I looked at her shaking my head, it was such a shame. She was so pretty. I really didn't want her to have to die. But no one lived once Lord Voldemort decided he wanted them dead. I took my hand, ran it across her cheek down her neck. I grinned, caressing it for a second then I wrapped my hand around it, pulling her closer to me.

"Lord Voldemort," I whispered in her ear. "Is my past, present and future." I pulled back, watching her scared eyes, watching the tears. "I do his bidding. I am his most faithful servant." I tilted my head.

"It's sad though, Ginny, because you got away once…but no one and I mean no one, escapes him twice. Not even Harry Potter."

She was coughing now. I was crushing her airway.

"You. Are. Harry. Potter." She choked out.

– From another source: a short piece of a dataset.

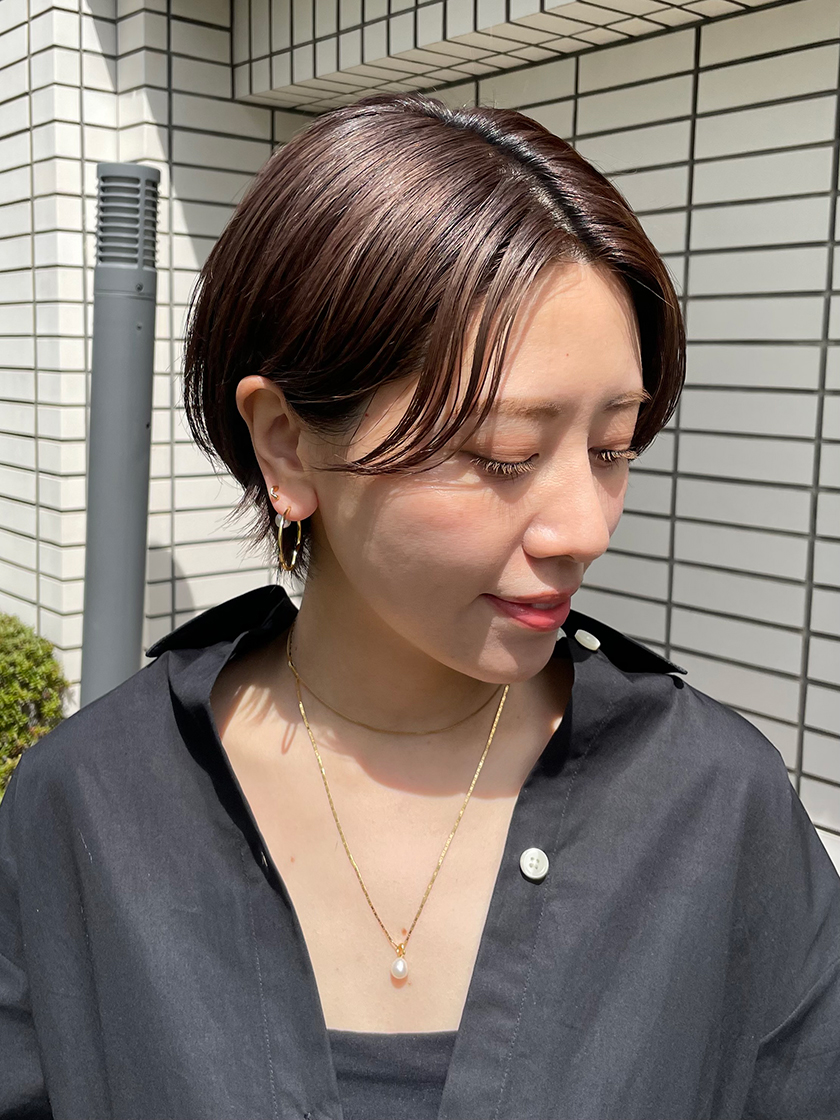 さきほどのハギーピアスのパールを、フープピアスに付けてアレンジしてみました。軽装になるこれからの季節、ジュエリーで顔周りを華やかにしたいですよね。他にも自由な発想で、ぜひ自分だけのアレンジを楽しんでみてください。

I shook my head quickly, "No, Gin, No. I _was_ Harry Potter." I took the pillow off my bed, and slid it over her face. I pressed down hard. She struggled for hardly 3 minutes. It'd been so simple. I removed the pillow and stared down at her face. It hit me like a ton of bricks. That red hair…It looked exactly like…I didn't even have time to process the whole thought before I threw up. I cried and I threw up and she just LAYED there. Doris came in to bring me lunch and saw her just LAYING there like a sad rag doll. Like my dead _mother_. She ran screaming from the room. That was sad. I always liked Doris. The quick glance at the mirror told me that my eyes were green. Just like they'd always been. Suddenly I felt more like Harry Potter than I had for the past 3 years and it all hit me like a giant ton of bricks and I heard it again. My mother. Begging for mercy.

"_Have mercy! Have mercy!"_

I'd backed myself into a corner, rocking back and forth on my knees by the time the aurors came for me. I tried to explain to them. It wasn't my fault. It was just that nobody lived once he decided to kill them. And He was inside my head. How was that my fault? I'm not sure what the answer is. But now I'm sitting in a cell that's too small and smells like rat dung.

Clinically Insane. They'll never understand.


End file.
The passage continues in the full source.